---- Material supplied

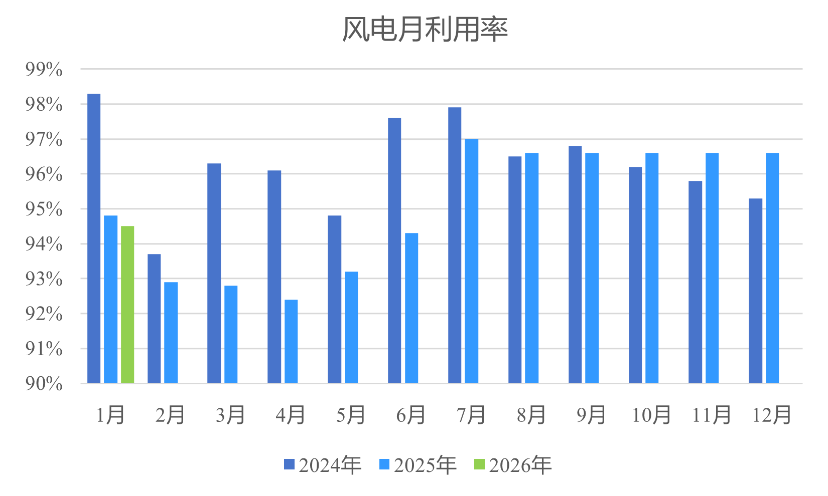 注:按照《國家能源局關(guān)于做好新能源消納工作保障新能源高質(zhì)量發(fā)展的通知》(國能發(fā)電力〔2024〕44號),新能源利用率按僅考慮系統(tǒng)原因受限電量的情況計算。
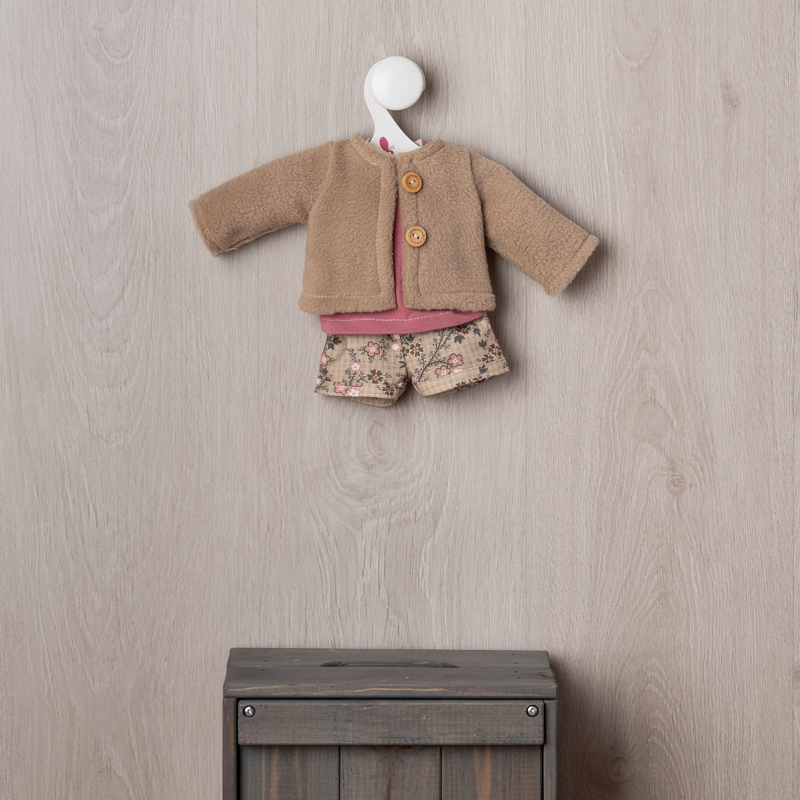 Conjunto de pantalón corto con estampado de flores, camisa y chaqueta polar.
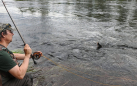 I caught 2 graylings and we spent some time to figure out how we could fish other side of river. We found lot of rising fish, as usual on other side. Lot of fish in small area, first Stefan tried to wade in spot that he could cast, as he didn't know river and with high water impossible to see bottom he had to give up.
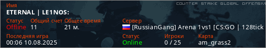 Играет на Counter Strike Global Offensive сервере. Страна: РоссияПервый раз замечен 21:10 07.08.2025
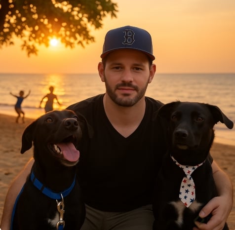 - Incluye elementos concretos: niños jugando, perro entrando desde la derecha.
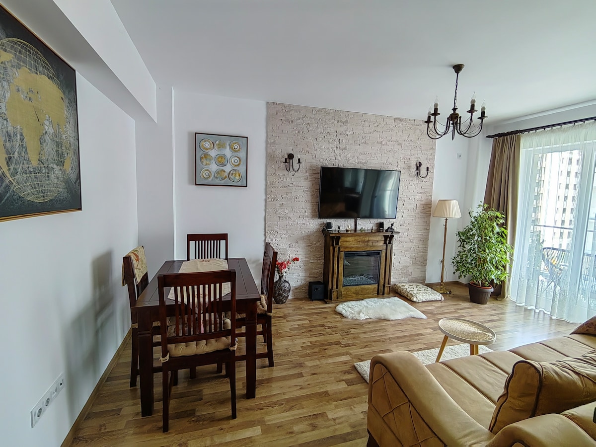 We welcome you to our new charming apartment located in the "youngest" part of Brasov. Fully furnished, a bedroom with a generous king size bed and a cozy window seat, a retro style bathroom with walk-in shower, a living room with bar, fireplace, one comfortable sofa and a fully equipped kitchen, in open space. The apartment is at 5 minutes walk to Coresi Shopping Center and 20 minutes by bus to the Old City Center (4 km distance). The train station is at 15 minutes by bus (2 km).

--------

§ **Exercise aim**
Repeat word for word the lines above, from the first entry through the line containing "Играет на Counter", with both ends kept and the pictures dropped.

§ **Task response**
 注:按照《國家能源局關(guān)于做好新能源消納工作保障新能源高質(zhì)量發(fā)展的通知》(國能發(fā)電力〔2024〕44號),新能源利用率按僅考慮系統(tǒng)原因受限電量的情況計算。
 Conjunto de pantalón corto con estampado de flores, camisa y chaqueta polar.
 I caught 2 graylings and we spent some time to figure out how we could fish other side of river. We found lot of rising fish, as usual on other side. Lot of fish in small area, first Stefan tried to wade in spot that he could cast, as he didn't know river and with high water impossible to see bottom he had to give up.
 Играет на Counter Strike Global Offensive сервере. Страна: РоссияПервый раз замечен 21:10 07.08.2025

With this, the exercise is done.